In Elixir, the if construct includes an implicit else clause that returns nil when the condition evaluates to false and no explicit else is provided. This means the guard pattern does not apply in the same way. Elixir provides more specific errors, such as ArgumentError and ArithmeticError, and utilizes tuples to offer a structured way to return the quotient and remainder.

Besides verifying that each argument is a number, the divide function must also handle division by zero. In the code above, exceptions are raised to handle error conditions. However, in functional programming, it’s more common to avoid using exceptions for control flow, opting instead to return explicit success or error results.

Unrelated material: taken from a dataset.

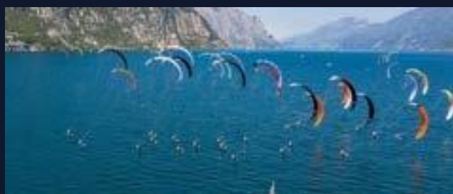
FORMULA KITE WORLDS 2019

Here is a more idiomatic functional approach:

def divide(a, b) do
  if !is_number(a) or !is_number(b) do
    {:error, "Invalid input, both arguments must be numbers"}
  else
    if b == 0 do
      {:error, "Division by zero"}
    else
      {:ok, {div(a, b), rem(a, b)}}
    end
  end
end

This version avoids exceptions by explicitly returning a tuple with either {:ok, result} in the case of success or {:error, reason} in the case of failure. This pattern is common in functional programming, as it clearly separates successful and error states without resorting to exceptions.

Cyclomatic Complexity

The divide/2 function above has two if statements, resulting in three code paths and a cyclomatic complexity score of 3.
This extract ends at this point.